Hello readers. Recently, our ASTU class had time to watch movie American Sniper directed by Clint Eastwood. This film was portraying Iraq War through the perspective of American Sniper, Chris Kyle. Based on the real character, American Sniper generally glorify the character of Chris Kyle with patriotism and comradeship. Then again, American Sniper maintained its neutrality towards Iraq War. I would explore some of the scenes from American Sniper that I felt intriguing.

The character of Chris Kyle was portrayed as “hero” in the film. After 9/11 terror, Chris Kyle enlisted in American Navy Seal with burning anger towards enemy and patriotism towards one’s nation. This talented sniper soon became “legend” when he was sent as troops.
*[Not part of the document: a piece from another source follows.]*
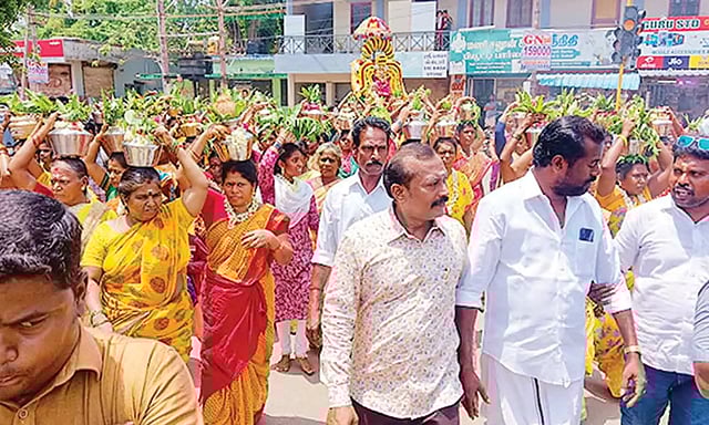 இதனை தொடர்ந்து காவிரி கரையில் இருந்து ஊர்வலமாக பச்சைக்காளி பவளக்காளி ஆட்டத்துடன் அம்பாள் விதி உலாவும், பெண்கள் பால்குடம் தலையில் சுமந்துக் கொன்டு அம்மன் சன்னதிக்கு வந்து தங்களது நேர்த்ததிக் கடனை செலுத்தினர். பின்னர் அம்மனுக்கு மகா அபிஷேகமும், அலங்கார அர்ச்சனை செய்து தீபாரத னையும் நடைபெற்றது.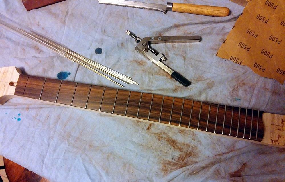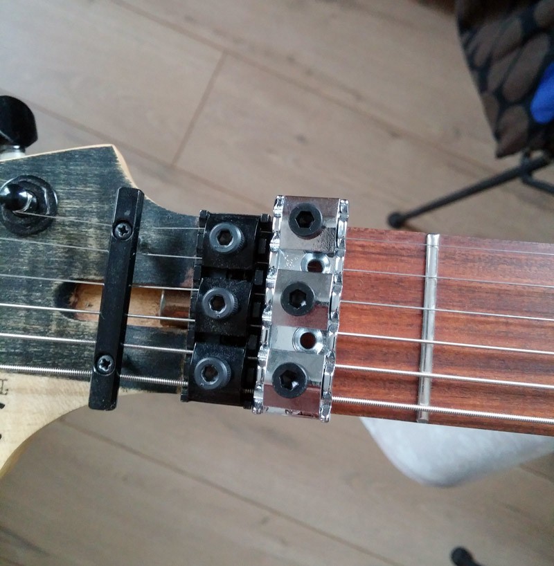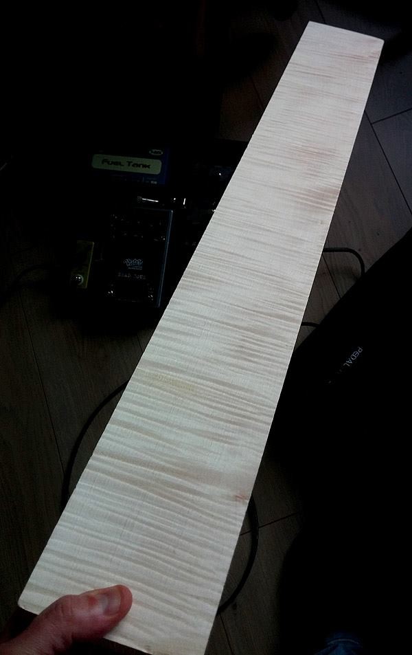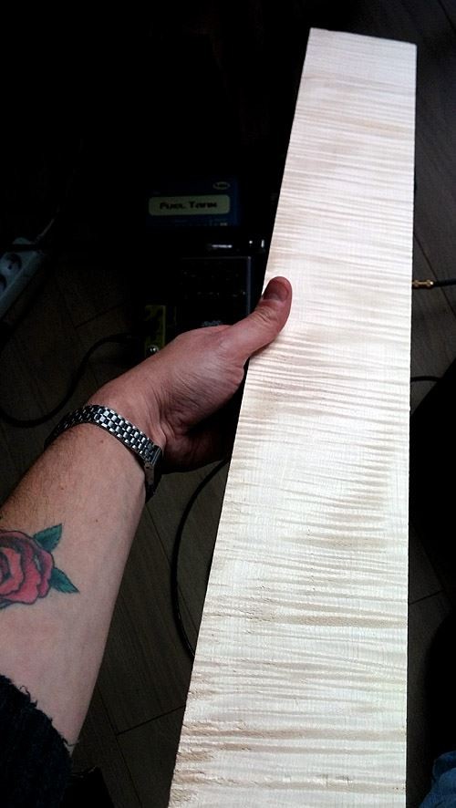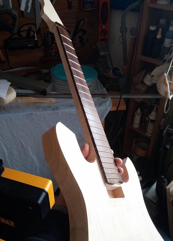 Donc voilà après de nombreuse discussions avec Steph on a une superstrat forme edgecaster, corps aulne, manche érable ondé touche Pau Ferro, Floyd Schaller chromé, mécas chromées, micros SP Custom Boom Leacher en position manche, Heat Crusher en position chevalet, 1 volume / 1 tone / selection 5 positions. Sillet FR R5 (45mm de largeur du manche au sillet (Merci George Lynch... :G3

In the film, there was the contrary role of Chris Kyle who was a sniper of Iraqi people called Mustafa. These two characters have the same role as a sniper on one’s side, but contradicting appraisals of “legend” and “evil” are following them on one’s side. In Iraqi’s side Chris is “evil” and in American’s side Chris is “legend.”

As the major role of the story focuses on the character of a sniper, Chris’s perspective towards war was projected through the scope of the gun. He was in the war but looking at a distance as the sniper. He watched enemies through the scope at the distance and killed them at the distance. When Chris Kyle hold rifle instead of a sniper rifle and went to the battlefields, he is drawn into a war. The scene that he saw, the noise that he heard from the battlefields were vicious and chaotic. What Chris experienced on the battlefield were contradictory to the battlefield that he saw through the scope where all emotions and noises remain silent.

His experiences were not only remained in the battlefields but also continued to harassing him even when he came back home. Suffering from PTSD, Chris was unable to entirely came back to his home but fighting on the battlefield in his mind. Chris choose to help war veterans and kept his role as “father,” “husband,” and “veteran” until he died by the gun of the war veteran who Chris tried to help. In the last scene, Chris’s wife Taya was gaze Chris and war veteran through a chink in the door. Two war veterans and heroes, who were seen in Taya’s perspective were projected differently: one as an attentive father and the other as the war veteran who lives in a reality that is the war to him.